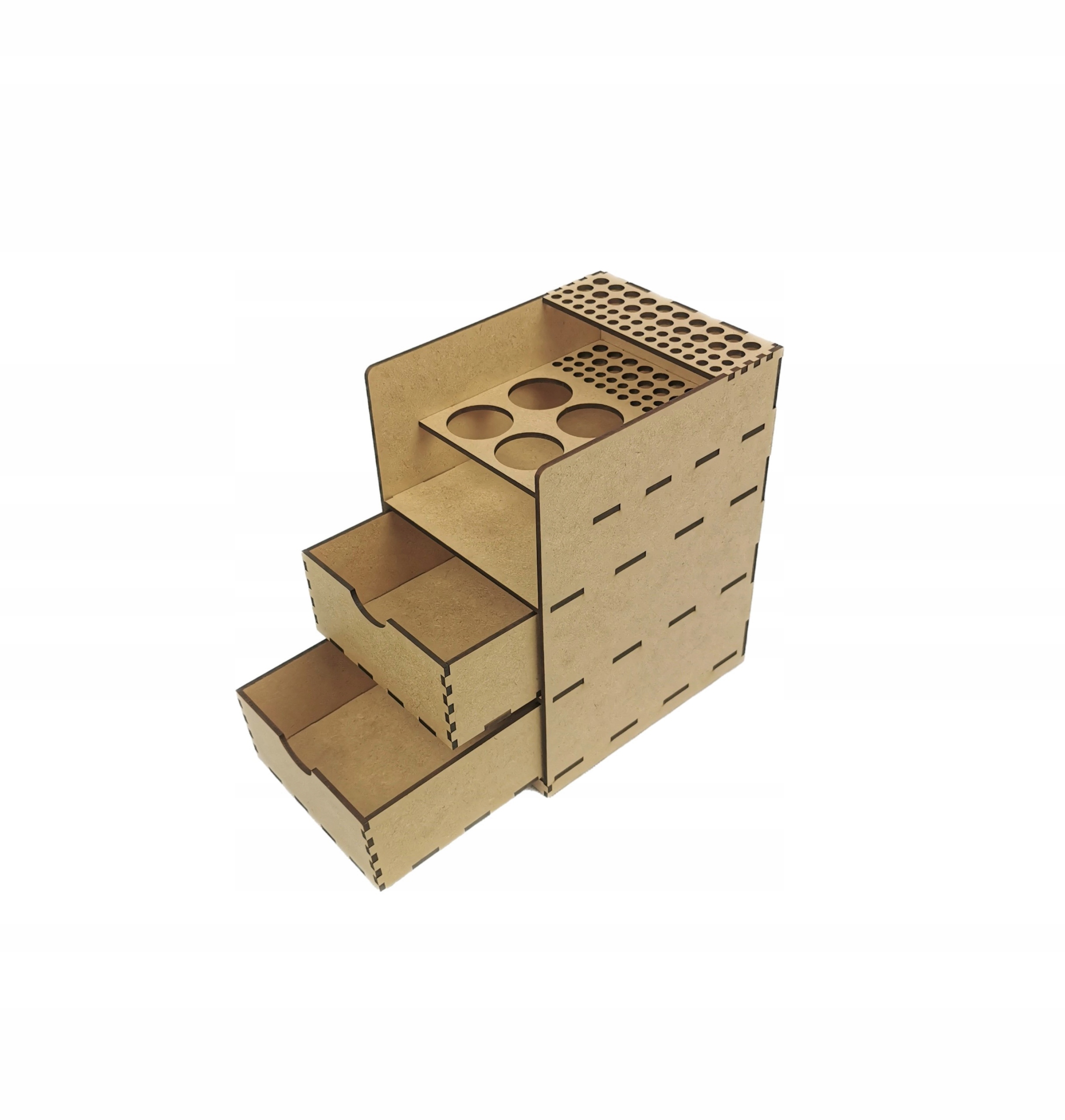 - Практичность: Два ящика, полка и специальное место для кистей позволяют удобно и упорядоченно хранить все необходимые принадлежности для моделирования.
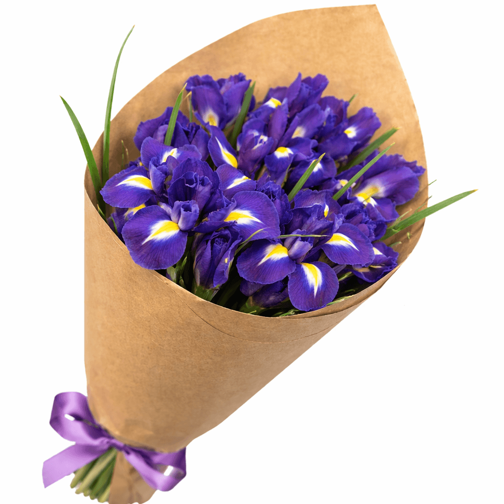 Иридии создают ощущение свежести и весны, а минималистичное оформление подчёркивает природную красоту цветов, не перегружая композицию лишними деталями. Такой букет подойдёт для поздравления, романтичного жеста, выражения благодарности или просто чтобы подарить хорошее настроение близкому человеку.
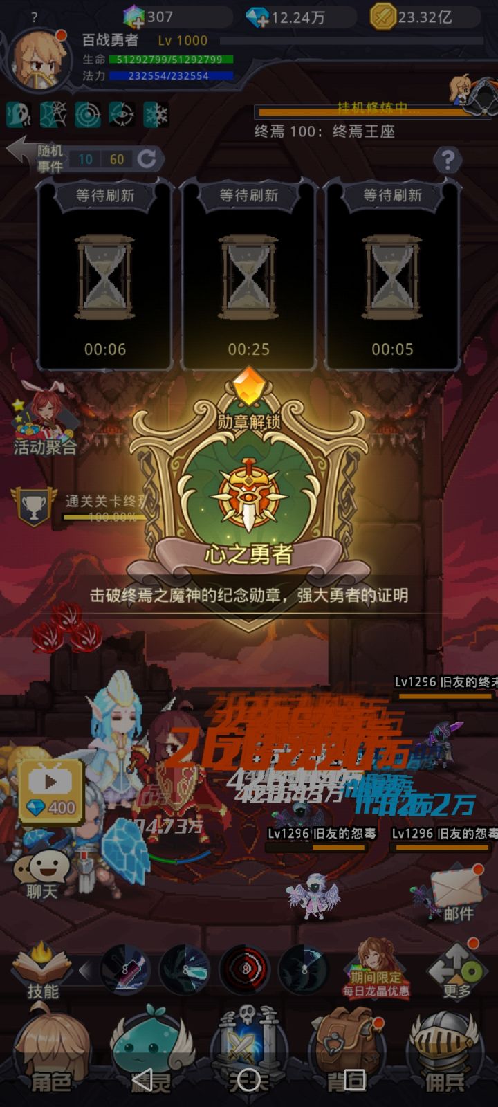 热烈祝贺「方寸」| 纷飞若兰 于2021年5月24日17点45分 通关小小勇者 第二大陆。因其本人较懒,所以带他发帖,介绍需要配置及打法。面板属性:1,操作介绍(站撸是不可能站撸的)1)提前28秒重置侠义骑士,炼金术士,进boss前上阵死亡魔女。2)然后侠义盾和炼金术士主动技能生效前进入BOSS,进入后下阵死亡魔女上阵影刃刺客。3)清除小怪后,换下增加暴击率技能,换上锤子晕,卸下分裂的
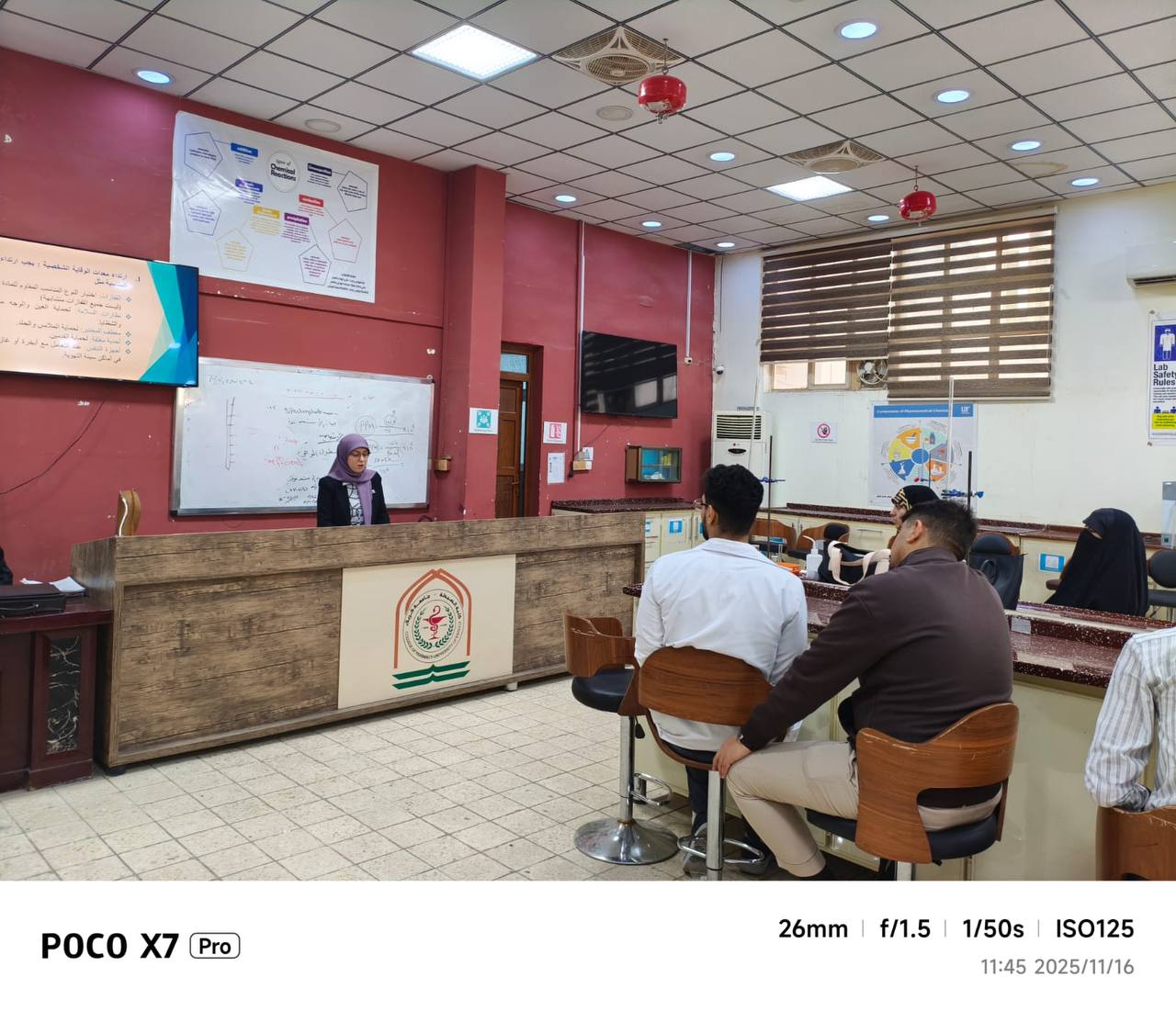 الدورة التدريبية التي قدّمها التدريسيان (ضرغام هاني كاظم) و(هبة مؤيد خضير)، والمعاون الكيميائي (زهراء حافظ حميد) شارك فيها عددٌ من طلبة المرحلة الأولى.
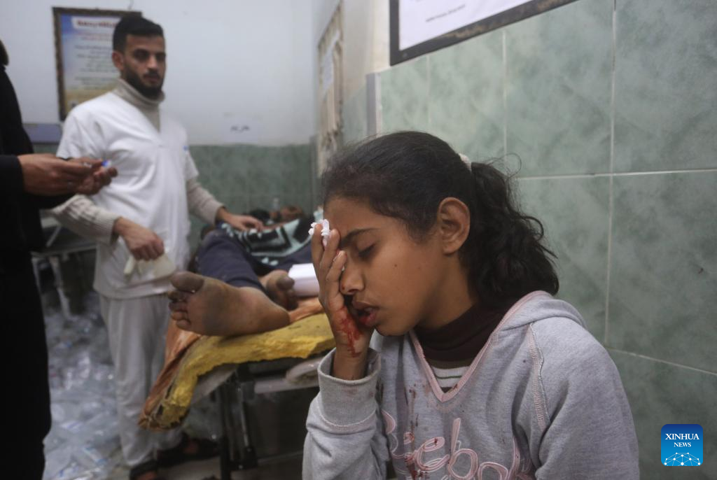 An injured girl is seen at a hospital after an Israeli airstrike in the southern Gaza Strip city of Rafah, on Feb. 5, 2024. The death toll of Palestinians killed from Israeli strikes on the Gaza Strip has risen to 27,478, the Hamas-run Health Ministry said on Monday. (Photo by Khaled Omar/Xinhua)
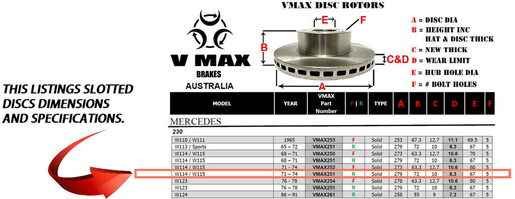 This sale is for a new pair (2 disc rotors) of Genuine VMAX Dimple Drilled & Slotted Performance Rear disc brake rotors to suit MERCEDES 230 W114 W115 models built 1971 till 1974 and are a direct replacement item.
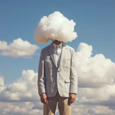 Whimsical Illustration of a Cloud-Headed Man
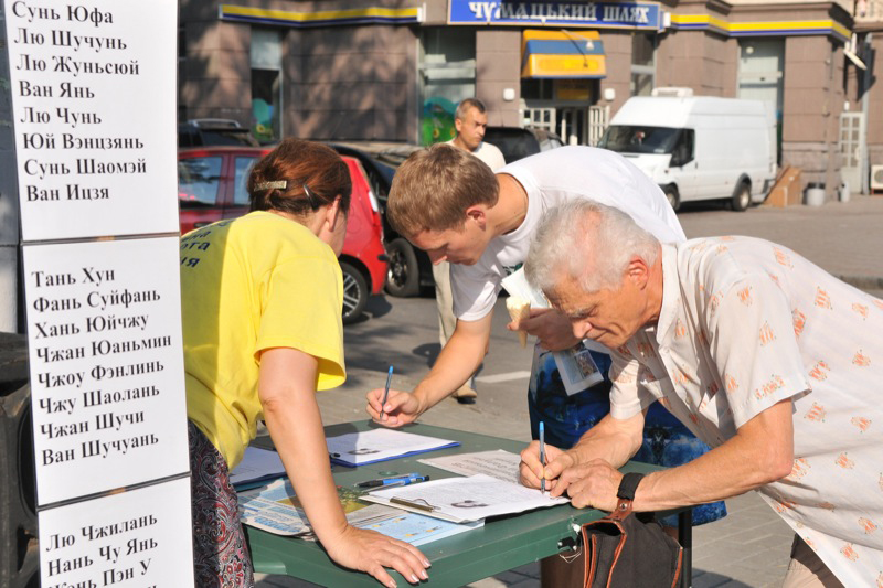 与往年不同的是,许多乌克兰的官方媒体采访了今年的反迫害活动,在整个采访过程中,他们为法轮功学员们大善大忍的精神所感动,在采访结束后纷纷签名支持反迫害活动。
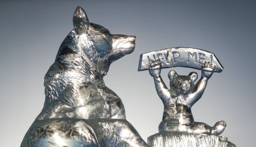 名冰雕艺术家展现了冰雕作品。
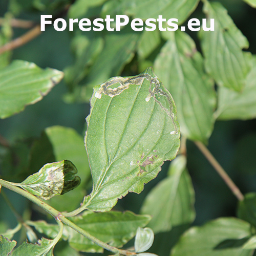 Phytomyza agromyzina is a leaf-mining fly that affects Cornus spp. (dogwoods). The larvae create serpentine mines on the upper surface of the leaves. As they feed, the frass partly liquifies, forming a broad dark-brown central band within the mine. Pupation typically occurs outside the mine, though the puparium is sometimes found within it. Mines are observed from June to October. Although the mining causes cosmetic damage to the foliage, it generally does not significantly impact the health of established plants. Control measures, such as removing affected leaves or applying insecticides, are typically only needed in severe infestations. Regular monitoring is advised to prevent potential outbreaks.
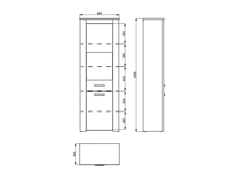 Dimenzije: Širina 68,5 cm x Dubina 36,5 cm x Visina 195,0 cm
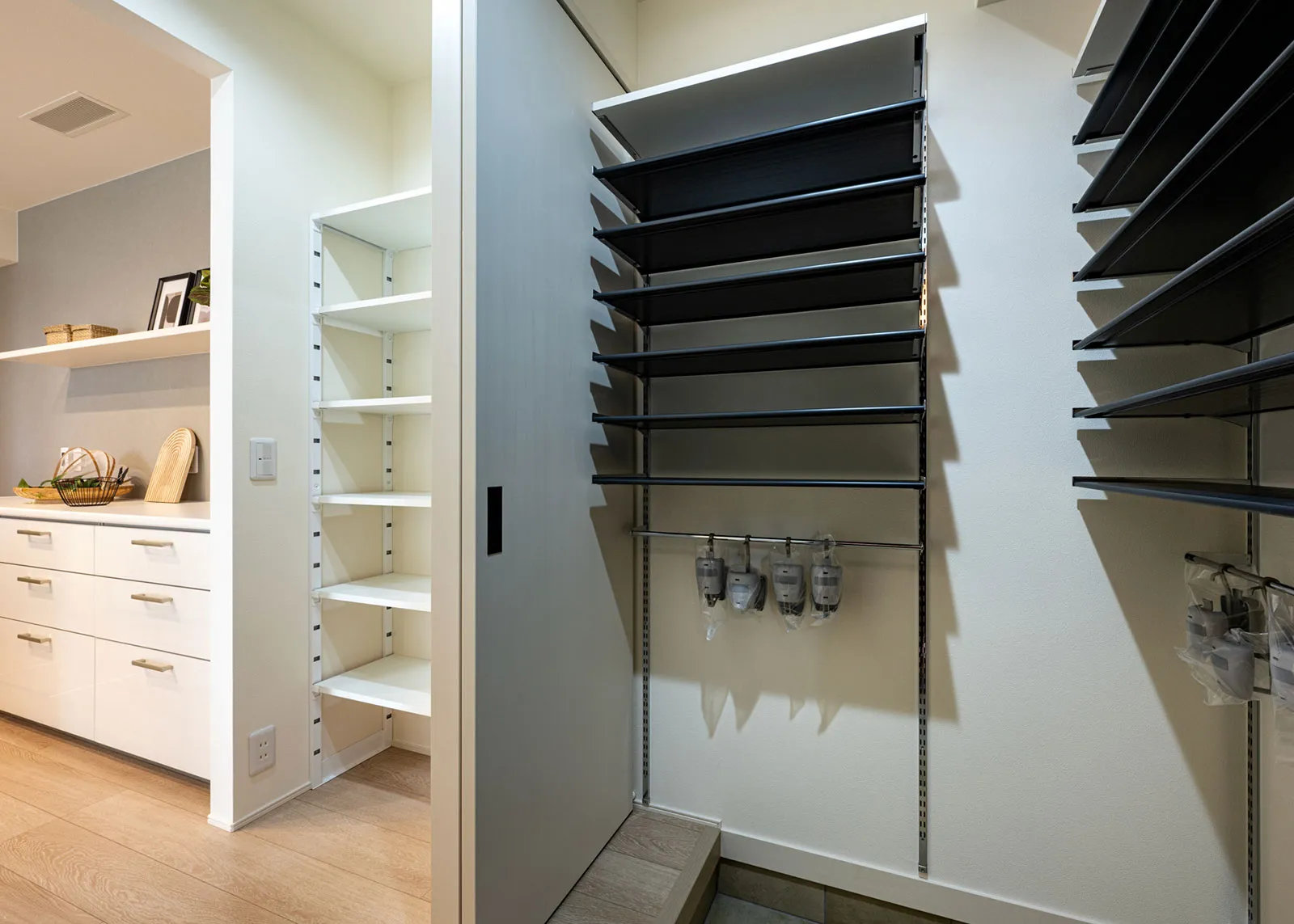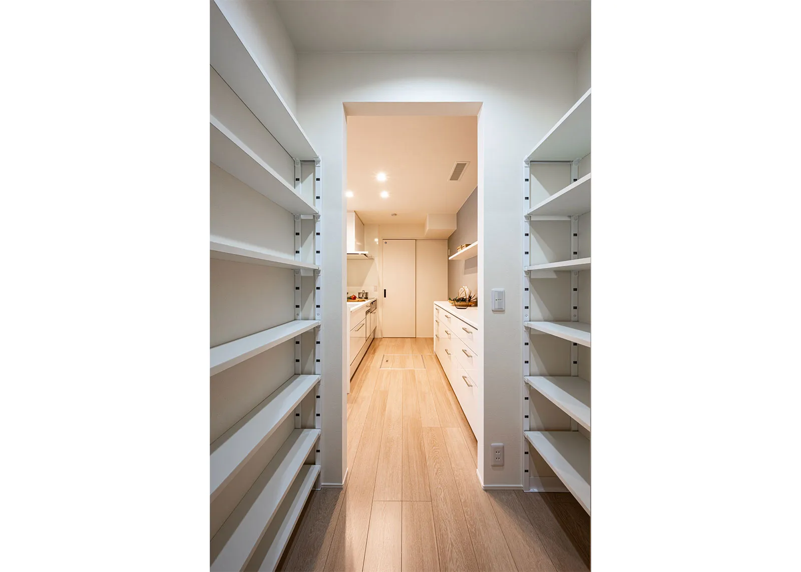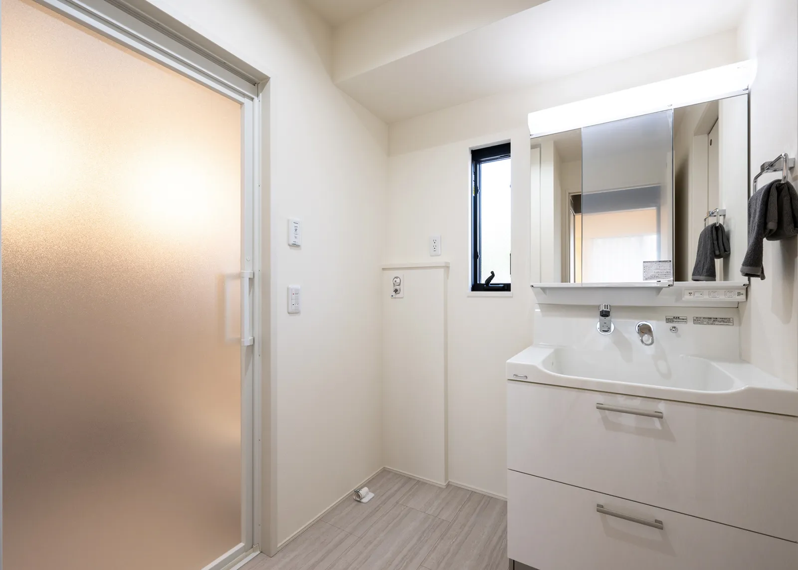 玄関→WIP→キッチン→洗面室が直結。機能的な家事導線を確保。

○ ○ ○

What is needed ▸ Given the listing above, repeat exactly the lines starting at the one with "This sale is" and ending at the one with "名冰雕艺术家展现了冰雕作品。", inclusive, excluding pictures.

Answer to this exercise ▸
 This sale is for a new pair (2 disc rotors) of Genuine VMAX Dimple Drilled & Slotted Performance Rear disc brake rotors to suit MERCEDES 230 W114 W115 models built 1971 till 1974 and are a direct replacement item.
 Whimsical Illustration of a Cloud-Headed Man
 与往年不同的是,许多乌克兰的官方媒体采访了今年的反迫害活动,在整个采访过程中,他们为法轮功学员们大善大忍的精神所感动,在采访结束后纷纷签名支持反迫害活动。
 名冰雕艺术家展现了冰雕作品。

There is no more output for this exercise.